Contrat de Plan Etat Région – intervention de Pascal Houbron

Conseil métropolitain du 15 décembre 2015

Monsieur le Président,

Comme nous le savons tous, le Conseil régional de Normandie a changé de couleur politique depuis dimanche.

Votre attitude nous montre que vous craignez une posture négative de la nouvelle majorité vis à vis de notre Métropole.

Mon intervention a pour but de vous rassurer sur les intentions de la nouvelle Région quant au projet métropolitain financé par la Région, au travers du CPER aujourd’hui présenté.

Le premier point que je veux affirmer, c’est le principe de continuité démocratique.

Tout ce qui a été adopté par l’ancienne majorité de gauche n’est pas à rejeter, et nous considérons qu’il faut respecter cet engagement contractuel, même si la nouvelle collectivité pourra souhaiter un avenant ou des modifications pour tenir compte de ses propres engagements pris dans le cadre de son projet accepté par les Normands.

On peut préciser que notre méthode nouvelle de travail consistera à partir des projets de territoires, et que la Région sera accompagnatrice, et non l’inverse comme cela était le cas jusqu’alors : la Région fixait ses critères et les collectivités « demanderesses » devaient s’y soumettre, même si cela ne correspondait pas aux aspirations des élus locaux.
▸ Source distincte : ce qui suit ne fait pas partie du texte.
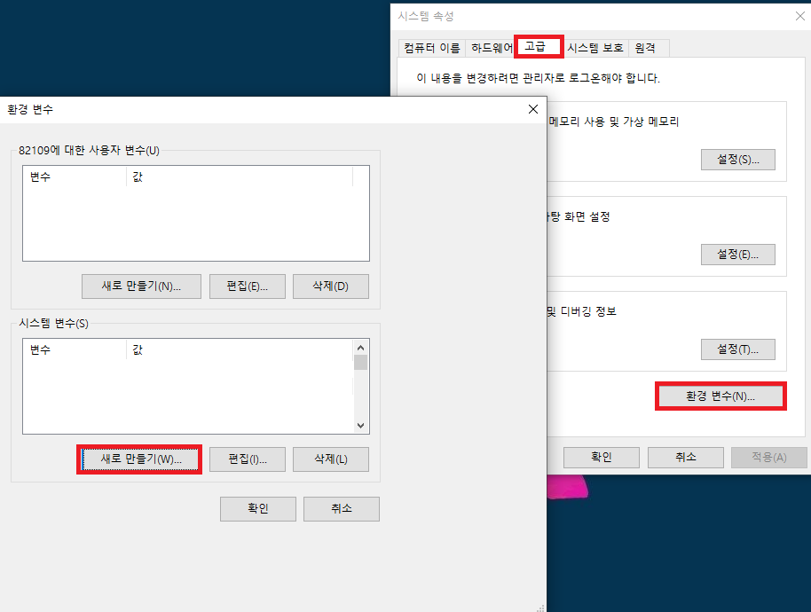 먼저 시스템 환경 변수 편집 창을 킨다.
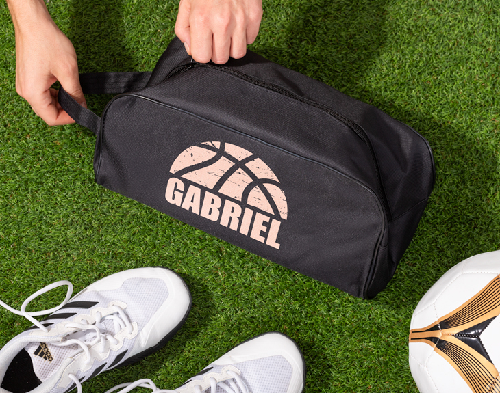 ¿Tu hijo es el mejor jugador de baloncesto? ¿Tu pareja es un desastre a la hora de preparar su material para los entrenamientos? Esta bolsa para zapatillas personalizada es justo lo que necesitas para guardar las deportivas antes de cada partido. ¡Así nunca se te olvidarán y siempre sabrás donde están! Si conoces a alguien que es el mejor encastando en todos los partidos de su equipo, esta bolsa para deportivas con diseño de baloncesto es justo lo que necesita. ¡Es chulísima! La bolsa es de color negro, cuenta con un cierre con cremallera, y un asa en la parte lateral para que puedas llevarla a cualquier parte. Además, este original regalo para deportistas será la mejor sorpresa para ese jugador de baloncesto que tienes en tu vida. ¡Esta bolsa cuenta con un diseño chulísimo basado en este deporte! Añade el producto al carrito para personalizarlo en el interior del diseñador. ¡Solo tendrás que poner el nombre o el texto que quieras en el diseño! Medidas: 34,5 x 16 x 14 cm.

C’est d’ailleurs une des raisons qui expliquent aussi pourquoi les territoires ne « tiraient » pas tous les crédits mis à leur disposition par la Région… car trop éloignés des préoccupations des territoires ruraux en grande partie.

Notre groupe propose que nous adoptions ce rapport, en acceptant la discussion lorsque le nouvel exécutif sera mis en place.

Nous ne pouvons – en effet – nous permettre d’attendre quand on appréhende le contexte économique actuel dégradé.

J’en profite pour vous confirmer que les objectifs de la nouvelle majorité régionale sont la recherche d’équité de traitement des territoires ; du respect des élus locaux dans l’élaboration de leur projet de territoire ; et d’un conventionnement revu au fil du temps avec les collectivités.

Nous ne devons pas avoir peur de la région, mais au contraire avoir la volonté de travailler avec elle dans l’intérêt général, comme avec le département également.

Les nouveaux élus régionaux ont bien conscience que la Normandie ne sera plus forte que si elle possède une Métropole ouverte sur le reste du territoire, attractive et dynamique.

Nous ne voulons pas d’une Métropole résistante, fermée sur elle-même, avec des projets d’équipements et d’investissements qui ne correspondent pas aux attentes de nos habitants.

Cette nouvelle donne politique nous oblige tous à revoir notre mode de fonctionnement et pourquoi pas de gouvernance.

Nous resterons une opposition constructive et vigilante, en matière de gestion, comme dans le domaine des investissements.

Il est encore temps, Monsieur le Président, d’imaginer une Métropole où tous les acteurs de la vie économique, sociale, culturelle, sportive et politique se sentent plus impliqués et reconnus dans un projet métropolitain audacieux, tourné vers l’emploi et l’attractivité de toutes les communes qui la composent.